Among pigs from all age categories consuming the same diet, tissue δ13C values were very similar, with standard deviations of ±0.1 to ±0.7‰ (). These low inter-individual differences suggest that, among healthy organisms consuming an identical, nutritionally-adequate diet, individual metabolic differences do not introduce significant variability into bone collagen, muscle, liver, blood, faeces, hair, milk or plasma δ13C compositions. This outcome further suggests that small differences in δ13C values among individuals may be interpretively significant. Although variable bone turnover rates may induce differences in tissue isotopic compositions intra-skeletally if diet has changed over several years (Cox & Sealy, Citation1997; Hedges et al., Citation2007; Hill & Orth, Citation1998; Taylor et al., Citation2013), our comparison of the femoral and rib collagen data support the contention that there is no inherent δ13C difference of the protein component of different bones given a constant dietary input. Similarly, co-forming femoral and loin muscle do not differ isotopically, further supporting the hypothesis that intra-tissue differences across an organism are minimal. As a result of the comparatively fast turnover of blood, plasma and liver (i.e. several days), these samples will reflect short-term diet. Diet did not change throughout the experiment and, as expected, there is good agreement among the δ13C values of these tissues, and between replicate plasma samples taken mid-study and shortly before slaughter. Similarly, faeces δ13C also reflect short-term diet (i.e. a few days). Faeces δ13C values were remarkably consistent among pigs consuming the same diet, ranging from ±0.3 to ±0.6 ‰ across the five diet groups, and there is also good agreement between faeces and whole diet δ13C values (+0.2 ± 0.3‰). This trend is readily observable in our data because diet did not change during the pig’s lifetime, but a similar relationship between whole diet and faeces has been suggested for other species in wild contexts (Codron et al., Citation2007; Sponheimer et al., Citation2003).

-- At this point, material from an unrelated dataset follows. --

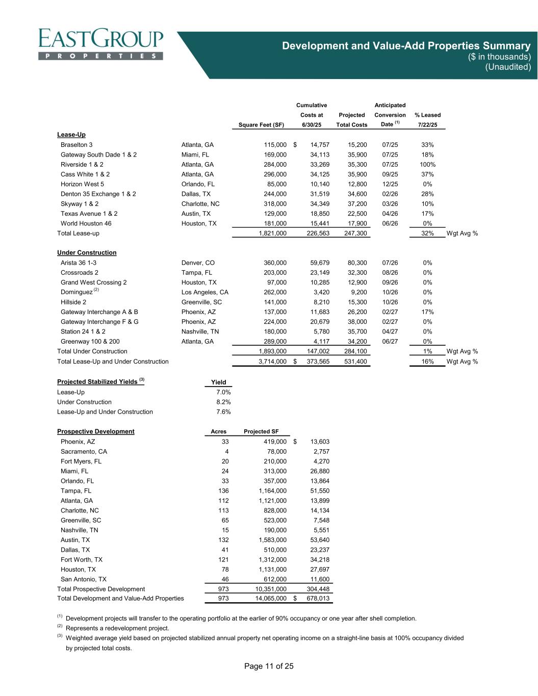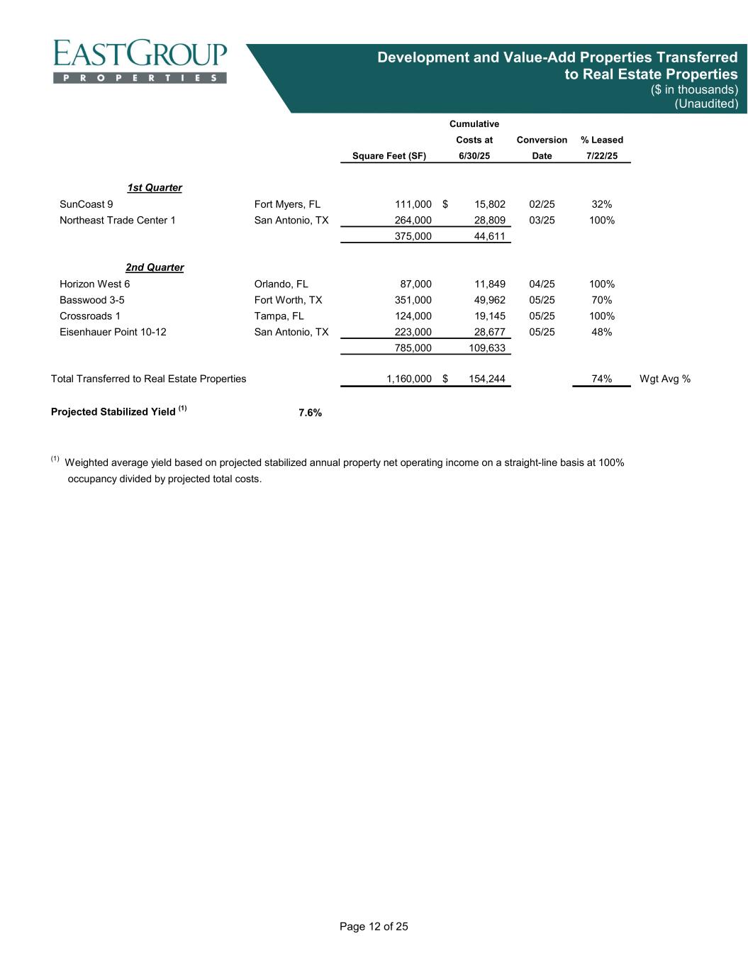 Page 11 of 25 Development and Value-Add Properties Summary ($ in thousands) (Unaudited) Cumulative Anticipated Costs at Projected Conversion % Leased Square Feet (SF) 6/30/25 Total Costs Date (1) 7/22/25 Lease-Up Braselton 3 Atlanta, GA 115,000 14,757$ 15,200 07/25 33% Gateway South Dade 1 & 2 Miami, FL 169,000 34,113 35,900 07/25 18% Riverside 1 & 2 Atlanta, GA 284,000 33,269 35,300 07/25 100% Cass White 1 & 2 Atlanta, GA 296,000 34,125 35,900 09/25 37% Horizon West 5 Orlando, FL 85,000 10,140 12,800 12/25 0% Denton 35 Exchange 1 & 2 Dallas, TX 244,000 31,519 34,600 02/26 28% Skyway 1 & 2 Charlotte, NC 318,000 34,349 37,200 03/26 10% Texas Avenue 1 & 2 Austin, TX 129,000 18,850 22,500 04/26 17% World Houston 46 Houston, TX 181,000 15,441 17,900 06/26 0% Total Lease-up 1,821,000 226,563 247,300 32% Wgt Avg % Under Construction Arista 36 1-3 Denver, CO 360,000 59,679 80,300 07/26 0% Crossroads 2 Tampa, FL 203,000 23,149 32,300 08/26 0% Grand West Crossing 2 Houston, TX 97,000 10,285 12,900 09/26 0% Dominguez (2) Los Angeles, CA 262,000 3,420 9,200 10/26 0% Hillside 2 Greenville, SC 141,000 8,210 15,300 10/26 0% Gateway Interchange A & B Phoenix, AZ 137,000 11,683 26,200 02/27 17% Gateway Interchange F & G Phoenix, AZ 224,000 20,679 38,000 02/27 0% Station 24 1 & 2 Nashville, TN 180,000 5,780 35,700 04/27 0% Greenway 100 & 200 Atlanta, GA 289,000 4,117 34,200 06/27 0% Total Under Construction 1,893,000 147,002 284,100 1% Wgt Avg % Total Lease-Up and Under Construction 3,714,000 373,565$ 531,400 16% Wgt Avg % Projected Stabilized Yields (3) Yield Lease-Up 7.0% Under Construction 8.2% Lease-Up and Under Construction 7.6% Prospective Development Acres Projected SF Phoenix, AZ 33 419,000 13,603$ Sacramento, CA 4 78,000 2,757 Fort Myers, FL 20 210,000 4,270 Miami, FL 24 313,000 26,880 Orlando, FL 33 357,000 13,864 Tampa, FL 136 1,164,000 51,550 Atlanta, GA 112 1,121,000 13,899 Charlotte, NC 113 828,000 14,134 Greenville, SC 65 523,000 7,548 Nashville, TN 15 190,000 5,551 Austin, TX 132 1,583,000 53,640 Dallas, TX 41 510,000 23,237 Fort Worth, TX 121 1,312,000 34,218 Houston, TX 78 1,131,000 27,697 San Antonio, TX 46 612,000 11,600 Total Prospective Development 973 10,351,000 304,448 Total Development and Value-Add Properties 973 14,065,000 678,013$ (1) Development projects will transfer to the operating portfolio at the earlier of 90% occupancy or one year after shell completion. (2) Represents a redevelopment project. (3) Weighted average yield based on projected stabilized annual property net operating income on a straight-line basis at 100% occupancy divided by projected total costs.

As expected, different tissue types have different δ13C compositions. These differences most likely result from the impact of tissue-specific rates tissue growth and of the rate of reaction on carbon-isotope fractionation, wherein the δ13C values of fast-growing tissues would thus be expected to be more similar to those of whole diet. Further, bulk tissue isotope compositions are essentially weighted averages of the δ13C values of the individual amino acids that constitute the protein(s) making up the tissue. Individual amino acids can vary significantly in their δ13C values; for example, isotopic ranges of greater than 20‰ have been determined under controlled feeding conditions for pig collagen amino acids (Hare et al., Citation1991; Howland, Citation2003; Jones, Citation2002). Thus, the δ13C composition of the various tissues and fluids sampled here are also expected to be moderately different because the dietary δ13CAA values vary among the five different feeds due to the changing dietary protein source. Tissues are relatively 13C-enriched as follows: δ13Ccollagen ≈ δ13Chair > δ13Cmuscle ≈ δ13Cmilk ≈ δ13Cblood ≈ δ13Cplasma > δ13Cliver > δ13Cfaeces ≈ δ13Cdiet.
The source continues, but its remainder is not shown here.